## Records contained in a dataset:
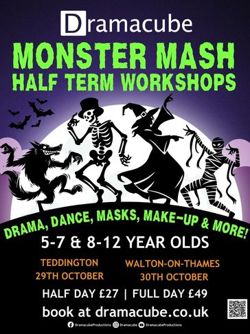 5-7 & 8-12 year olds will whizz into the world of musical theatre through ghoulish drama games, eerie stage makeup & masks, and a spine-tingling monster-mash routine.
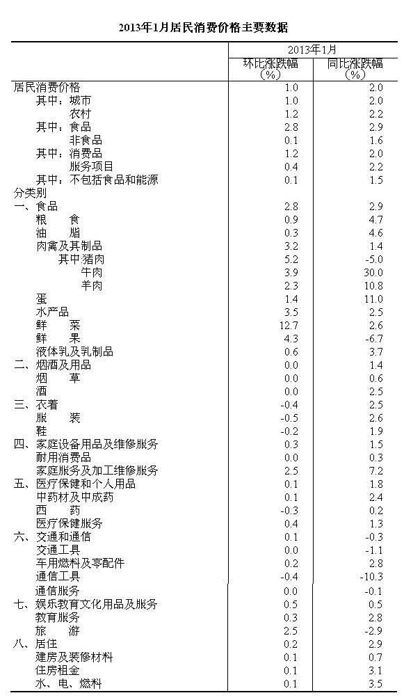 2013年1月份,全國居民消費價格總水平同比上漲2.0%。其中,城市上漲2.0%,農(nóng)村上漲2.2%;食品價格上漲2.9%,非食品價格上漲1.6%;消費品價格上漲2.0%,服務(wù)價格上漲2.2%。
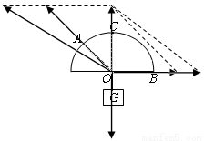 重为G的物体系在两根等长的细绳OA、OB上,轻绳的A端、B端挂在半圆形的支架上,如图所示,OA与水平方向的夹角为45゜,固定B端的位置,将绳OA的A端沿半圆形支架从图示位置开始上移或下移过程中,则
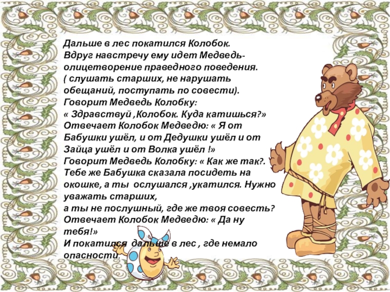 Дальше в лес покатился Колобок.Вдруг навстречу ему идет Медведь-олицетворение праведного поведения.( слушать старших, не нарушать обещаний, поступать
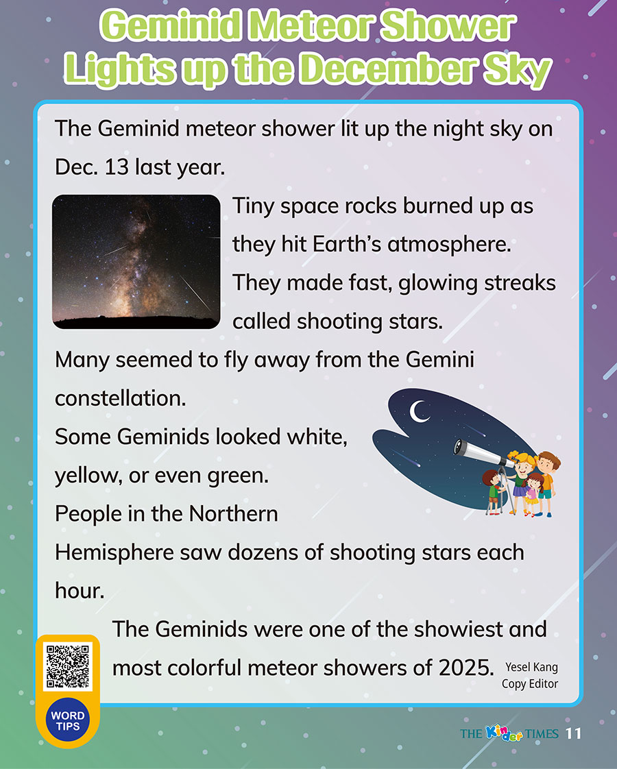 1. When did the meteor shower happen? 2. What are shooting stars?
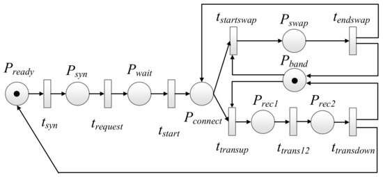 We use SPN to study the process by which messages are generated from users on the ground, then transmitted through the satellite network and finally returned to the ground. According to the above communication process and referring to the model in [38], we construct an SPN model of the traditional satellite network communication process, as shown in Figure 5.
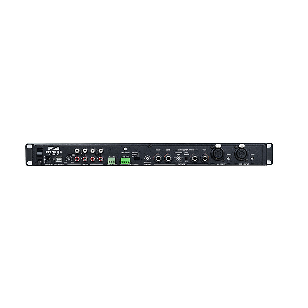 The first is a front panel jack socket that uses our exclusive iJax 6.35 to 3.5mm cable for access to a phone’s output. Then there are 3 standard RCA type inputs on the back plus our exclusive BGM input. Use the BGM input for either Virtual Classes audio or the club’s background music when classes are done. The neat thing about this input is the volume is governed by a rear mounted screw pot. The front volume control does not operate this input. Unsupervised members cannot turn up the volume of the BGM input any louder than the original setting.
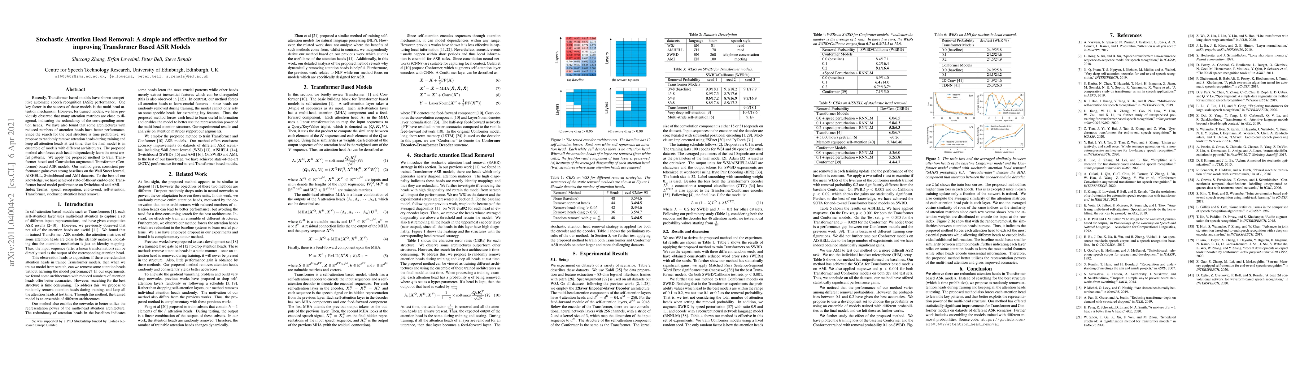 This paper proposes a method to improve Transformer-based ASR models by randomly removing attention heads during training, resulting in consistent performance gains and state-of-the-art results on Switchboard and AMI datasets. This approach encourages independent learning of useful patterns by each attention head.
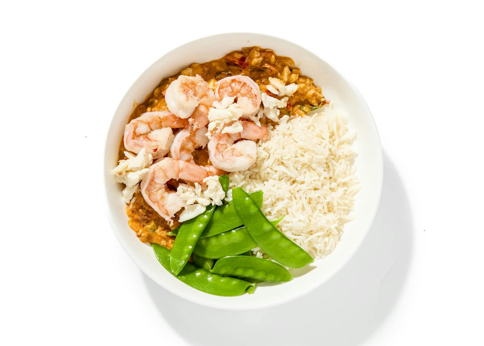 Coconut Milk, Yukon Potatoes, Chicken Thigh, Chicken Breast, Jasmine Rice, Carrots, Peas, Yellow Bell Pepper, Onion, Coconut Flakes, Cilantro, Garlic, Green Onion, Soy Sauce, Kosher Salt, Chicken Base, Butter, Curry Powder, Ginger, Habanero Peppers, Allspice, Sweet Paprika, Garlic Powder, Onion Powder, Black Pepper, Thyme
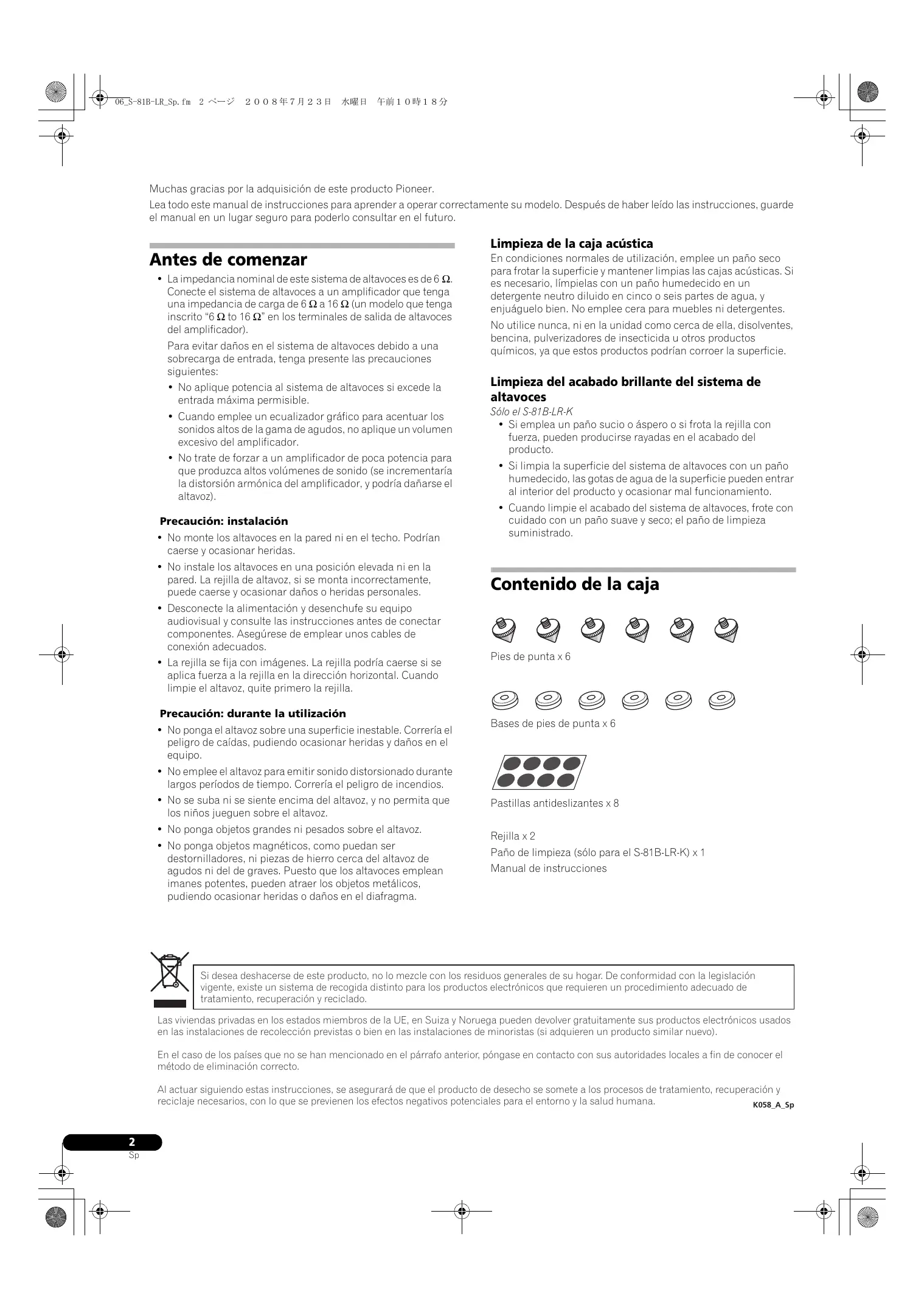 S-81B-LR-K - PIONEER - Manual de uso y guía de instrucciones gratis
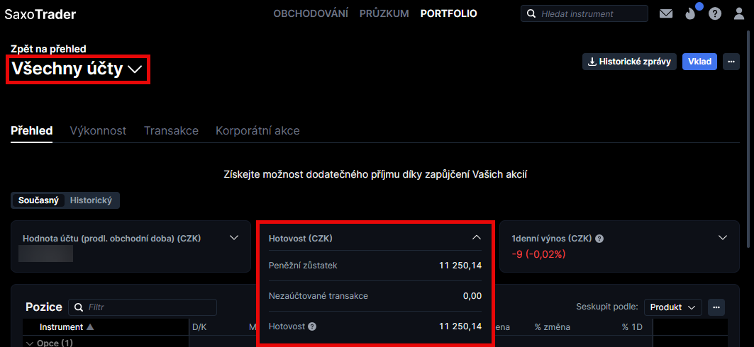 "Hotovost" můžete najít pod sekcí Portfolio a kliknutím na relevantní podúčet, nebo všechny účty dohromady:
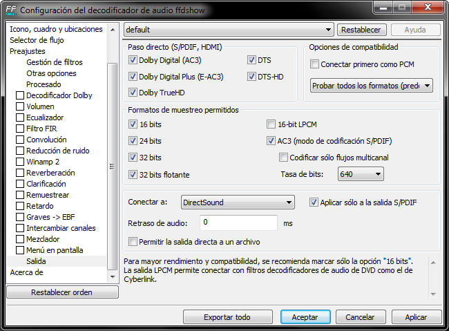 Como reproductor, uso el Media Player Classic - Home Cinema (mpc-hc), y esta es la configuración que tengo puesta en "decodificador de audio"

## Task item:
The answer is the lines above, word for word, from the first one through the one containing "1. When did"; it includes no pictures.

## Your response:
 5-7 & 8-12 year olds will whizz into the world of musical theatre through ghoulish drama games, eerie stage makeup & masks, and a spine-tingling monster-mash routine.
 2013年1月份,全國居民消費價格總水平同比上漲2.0%。其中,城市上漲2.0%,農(nóng)村上漲2.2%;食品價格上漲2.9%,非食品價格上漲1.6%;消費品價格上漲2.0%,服務(wù)價格上漲2.2%。
 重为G的物体系在两根等长的细绳OA、OB上,轻绳的A端、B端挂在半圆形的支架上,如图所示,OA与水平方向的夹角为45゜,固定B端的位置,将绳OA的A端沿半圆形支架从图示位置开始上移或下移过程中,则
 Дальше в лес покатился Колобок.Вдруг навстречу ему идет Медведь-олицетворение праведного поведения.( слушать старших, не нарушать обещаний, поступать
 1. When did the meteor shower happen? 2. What are shooting stars?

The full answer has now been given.